══ Data section ══

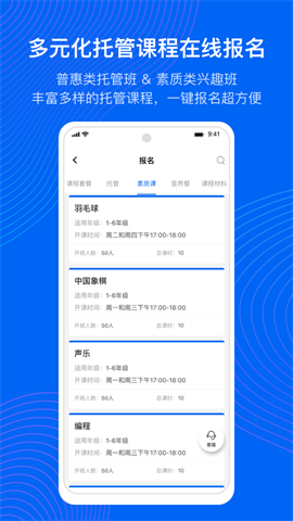 家长可以在线自由选择孩子的托管服务,包括托管时段(午托、晚托等)、选择相应的托管课程和餐食等。 轻松在线报名,在线支付。所有报名费由银保监会监管,保障家长资金安全。同时,将为每位校内托管的学生购买保险,让学生家长、学校都放心、安心
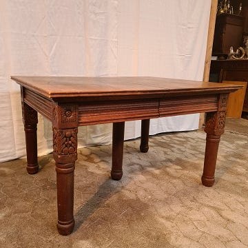 Spisebord fra 1930'erne med løvefødder i massiv eg
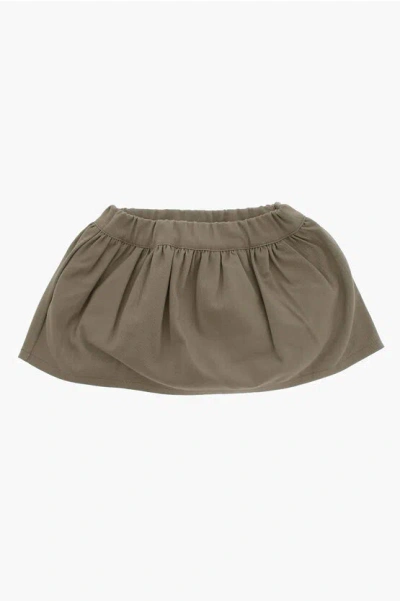 Stretch Cotton Skirt With Elastic Waistband In Neutral

═══

* Directions for this task: Every line from the one with "Spisebord fra 1930'erne" through the last line of the material gets printed exactly, and nothing more. Omit the pictures.

* Answer for the task:
 Spisebord fra 1930'erne med løvefødder i massiv eg
 Stretch Cotton Skirt With Elastic Waistband In Neutral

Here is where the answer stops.